I’d fully understand if you were thinking right now that this couldn’t possibly be a deal because that price tag is essentially Nvidia’s MSRP for its GeForce RTX 5090. The thing is, up until very recently, finding a third-party AIB (add-in board) model anywhere near this level was just about impossible, but as supply has improved, along with the usual decline in demand, prices for the most powerful gaming GPU money can buy have finally dropped to the level they should be.
Of course, spending $2,000 at Newegg for a ‘mere’ graphics card isn’t perhaps a sensible thing to do (you can get an entire Ryzen 7 9800X3D, Radeon RX 9070 XT gaming PC for the same money), but that’s just how things are in the world of GPUs these days. Hey, at least you’ll get a free copy of Borderlands 4 with this 5090 purchase!
And you are getting something that looks as huge as the price tag. In fact, everything about this Zotac Gaming Solid GeForce RTX 5090 is comically massive. It’s 13 inches long, 5.4 inches thick, and weighs roughly the same as a small pony. Okay, so I made that last bit up; Zotac doesn’t actually say how heavy its card is, but all RTX 5090s are monstrous slabs of silicon, metal, and plastic.
Partly because they can be, but mostly because the heatsink needs to be huge to tame the 575 W power limit of the Blackwell GB202 GPU inside. With a total of 21,760 CUDA cores (aka shader units), 96 MB of L2 cache, and 32 GB of GDDR7 (with a total of 1.79 TB/s of aggregated memory bandwidth), its stats just make everything else seem puny in comparison.
Naturally, all that hardware does wonders for a game’s performance. Any game, really. Any setting, too, for that matter. I’ve been using for one for the past couple of months and I’ve yet to find a situation where it bails out and waves a little white flag. Well, full-blown path tracing will do that, though that’s to be expected and it’ll be many more years before we see a GPU just breeze through such workloads.
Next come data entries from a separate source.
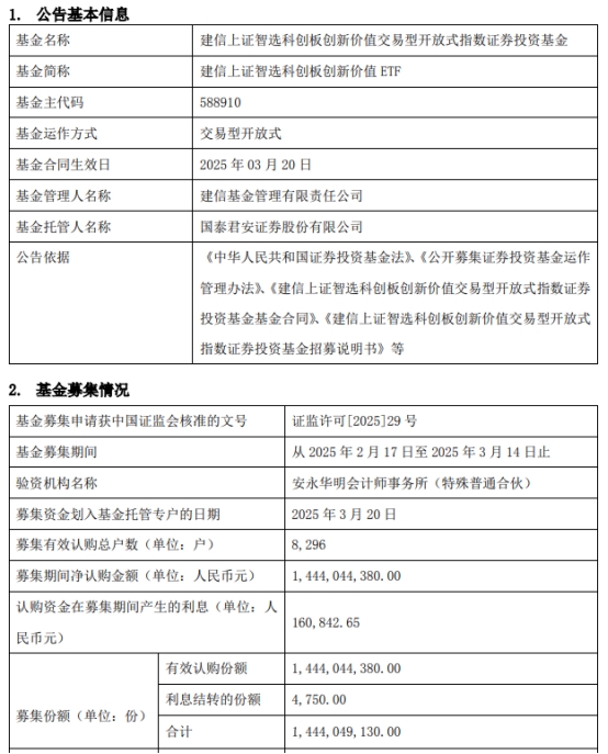 建信上证智选科创板创新价值ETF成立 规模14.4亿元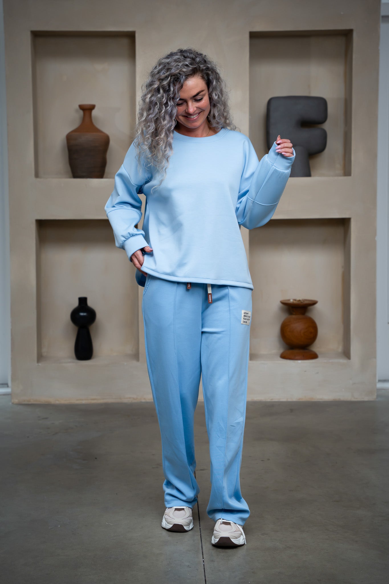 Le pull présente une coupe ample avec une ligne d’épaules large, offrant une allure moderne et décontractée. Le pantalon est agréable à porter et tombe parfaitement grâce à sa jambe droite et sa longueur confortable. Idéal pour la maison, les sorties ou une journée détente.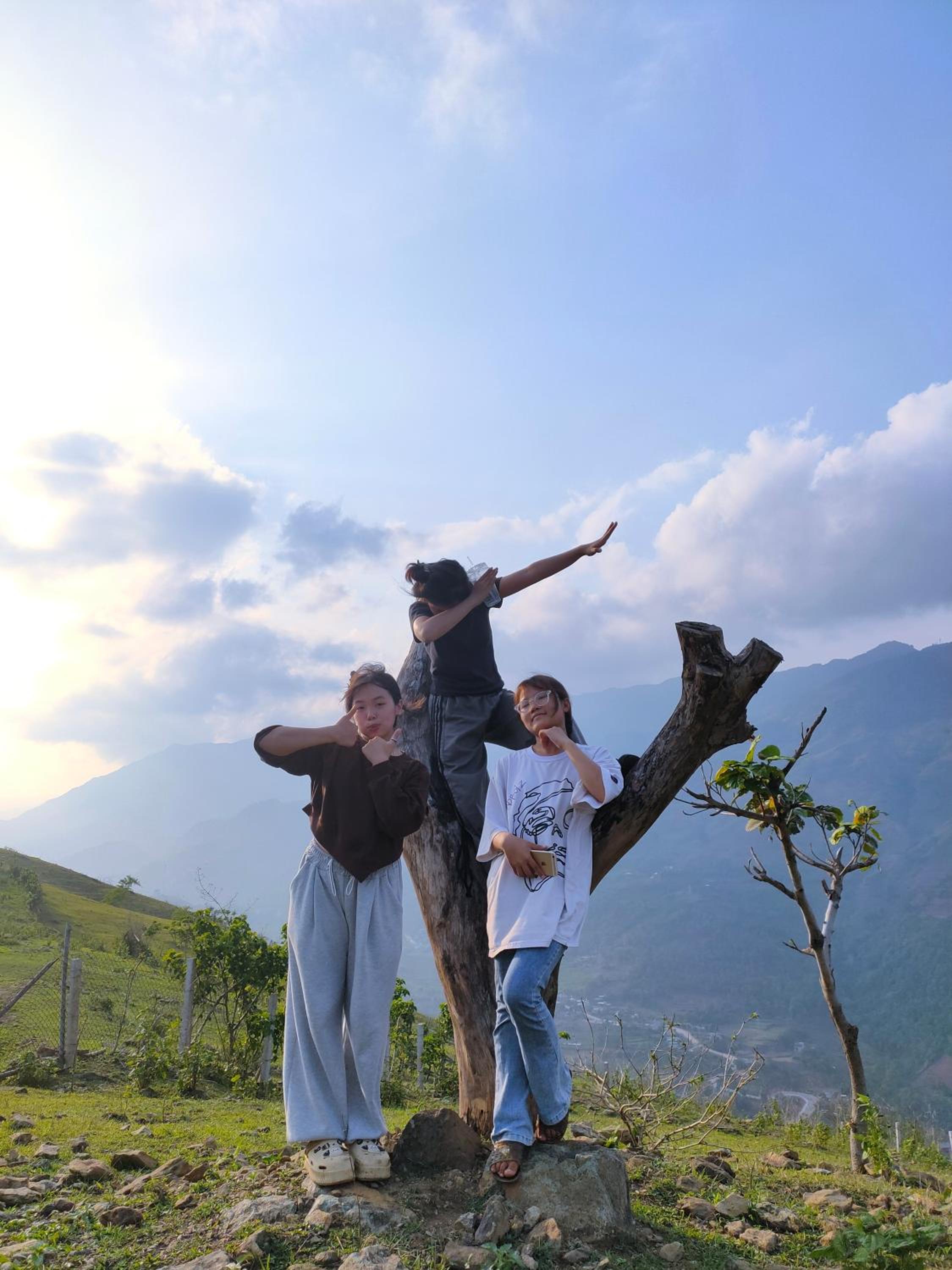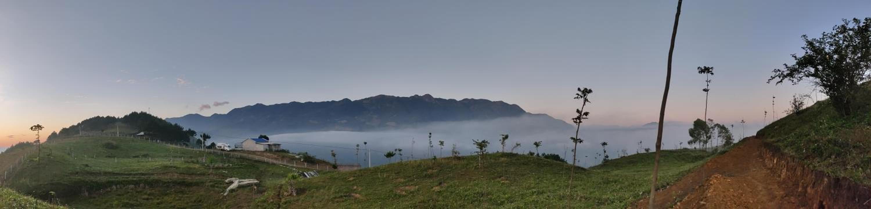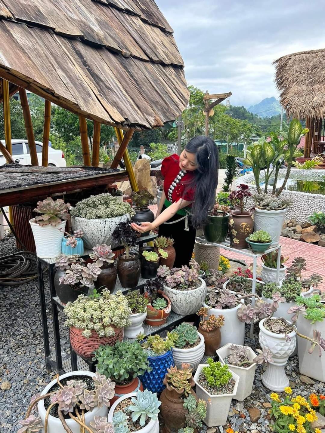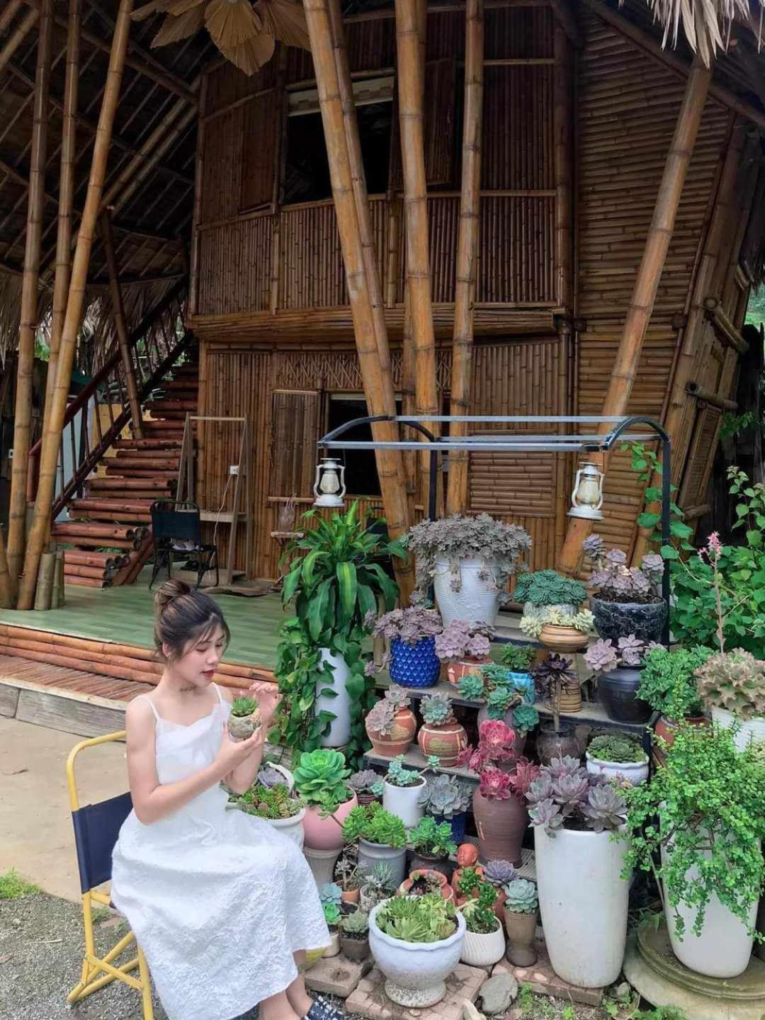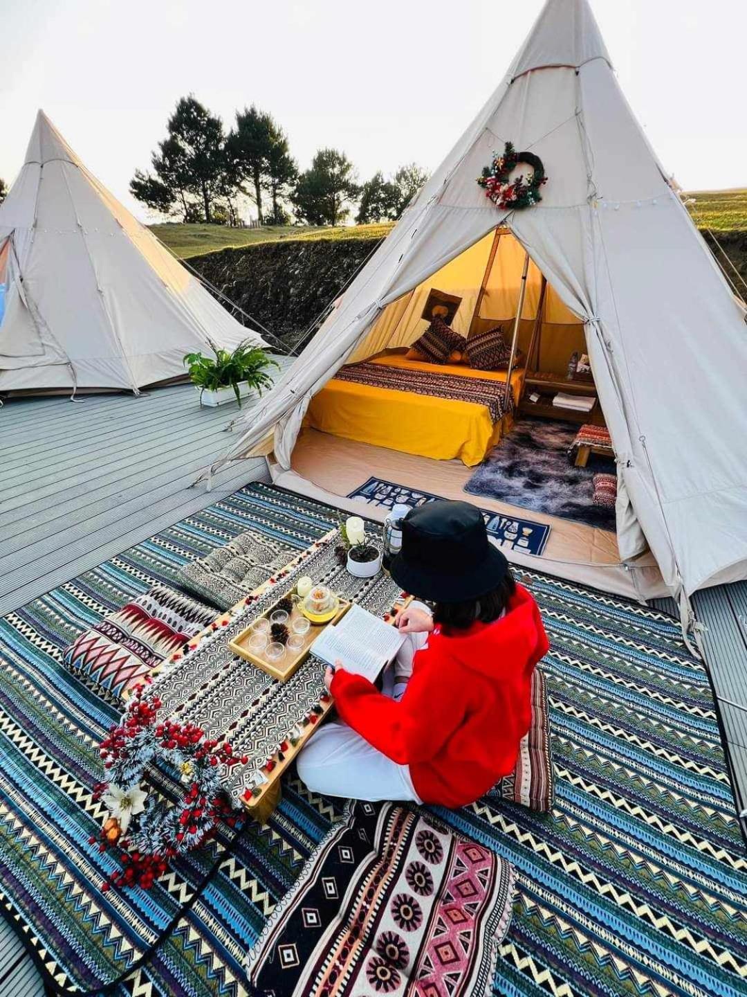 Experience breathtaking mountain views from your private terrace at Bamboo Homestay.

The solution to the demands of path tracing is, of course, upscaling and frame generation, which leads me on to the real stand-out feature of all RTX 50-series graphics cards: DLSS 4. The upscaling part of Nvidia’s AI-powered tech package is supported by all RTX GPUs, but DLSS 4’s Multi Frame Generation is for the 50-series only.
Until you’ve tried the feature, it’s a little hard to believe just how good it is, especially if your current experience of Nvidia’s frame generation is that from DLSS 3. You’d expect adding more than two additional generated frames would make the input lag horrific, but with DLSS 4, it’s really not. In fact, 3x or 4x frame gen runs pretty much the same as 2x does, in terms of system latency.
It doesn’t produce tons of horrible glitches either. While the use of frame generation is noticeable if you look for it, once you’re in the middle of a frantic battle, you’ll hardly catch it in action—you’ll be too busy enjoying the ridiculously high frame rate and snappy input latency.
Of course, there are a few downsides to owning an RTX 5090, other than how much it will rip up your bank balance. That 575 W power limit isn’t always reached in games, as you can see in the above footage, but even averaging around 480-500 W, it will belch out heat like nothing else. Your gaming PC will need plenty of ventilation and airflow to stop the internals from getting too toasty.
You’ll also need a really good 1,000 W+ PSU to go with it, preferably one that has a dedicated 12V-2×6 connector and cable (the updated version of the 12VHPWR system). Additionally, the rest of the PC will need to be just as potent—there’s no point in sticking an RTX 5090 into an old rig with a six-core CPU, as the graphics card will just be sitting around waiting for data and instructions.
If you have all the necessary hardware and funds to get one, then the RTX 5090 really is a GPU like nothing else you’ve owned. Well, until the inevitable RTX 6090 comes along, of course.